If you don’t know what IE (intelligent energy) and IO (integrated operations) stand for, you are in the minority in the oil and gas industry — or more to the point, you are not keeping pace with industry leaders.

This fact became apparent in Utrecht, The Netherlands, March 22-24, 2010, where a fair representation from the industry met to discuss IE and IO issues at SPE’s Intelligent Energy conference.

It would have been impossible to attend the many presentations in the course of the three-day event without coming to the realization that IE is bringing tremendous value and enormous advances to the oil and gas industry.

Operators that are implementing IO are realizing huge benefits around the world by putting the right people together to make real-time operations decisions.

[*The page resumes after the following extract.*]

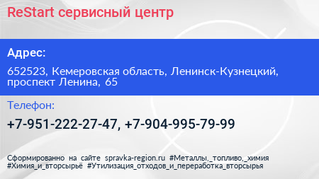 ReStart, сервисный центр по адресу 652523, Кемеровская область, Ленинск-Кузнецкий, проспект Ленина, 65 в дальнейшем Организация, размещена в следующих категориях:
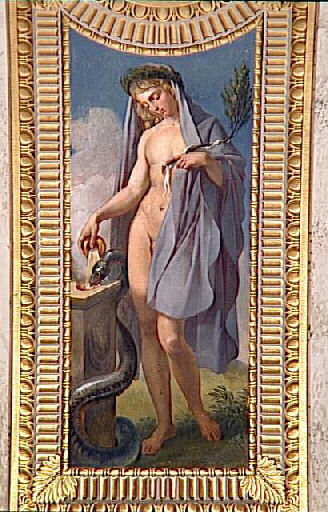 commande de Louis XVIII pour la seconde Galerie de Diane à Fontainebleau ; la voûte est peinte de l'histoire de Diane par Mery Joseph Blondel et Alexandre Abel de Pujol ; les deux artistes exécutèrent quatre travées en alternance entre 1822 et 1825

DNV’s Frédéric Verhelst, project manager for IO in the High North, a joint industry project (JIP) that includes 25 participants (three of them operators), discussed the advances the JIP has made by taking concepts that were considered by some at the outset as “far-fetched” and looking for solutions. To reach these ambitious goals, “New field development and operational concepts are required,” he said. “That means finding ways to handle real-time data across boundaries and taking collaboration to a new level.”

Gerbert Schoonman, East asset manager, Brunei Shell Petroleum (BSP), talked about how Shell has applied intelligent operations in Southeast Asia. “Collaboration drives the business,” he said, noting that 30% of BSP production comes from intelligent wells. “Smart fields are definitely delivering value.”

Bernard Looney, managing director of BP North Sea, said his organization has embraced IO at the management level. “We made a very conscious decision to place intelligent energy at the heart of our North Sea operations,” he said. Part of that investment paid for life-of-field seismic on the Claire field that Looney says has led to a 10 MMbbl new well target.

Meanwhile, Doug Suttles, E&P COO at BP, said IE has added 50,000 b/d for each of the last three years even though it has been applied to only one-third of the company’s portfolio.

With significant rewards in the balance, BP plans to invest US $3 billion/yr for the next 10 years in IE.

Waleed Al-Mulhim, manager, Southern Area Reservoir Management at Saudi Aramco, told conference attendees that the key to making IE a reality is to focus on “technology, workflows, and people,” explaining that real-time data enables sustainability. Saudi Aramco has embraced this concept, Al-Mulhim said. “Every new field that has been developed (by Saudi Aramco) since 2003 is an intelligent field.”

Muhammed Al-Qahtani, executive director of petroleum engineering and development at Saudi Aramco explained the value of IE more succinctly: “IE is transformational and progressive technology.”

Statoil’s Trond Lilleng summed up IE as “maximizing value through technology,” noting that stepping beyond the industry norms is the only way to make progress.

“We have to be courageous,” he said. New solutions will require deep changes to the way we think, deep changes to the way we work, and deep changes to the way we collaborate.”

However challenging the way forward, the critical thing is to keep moving.
As Melody Meyer, president of Chevron Energy Technology Co., said, “It’s time to shift intelligent energy into overdrive. We really have no time to lose.”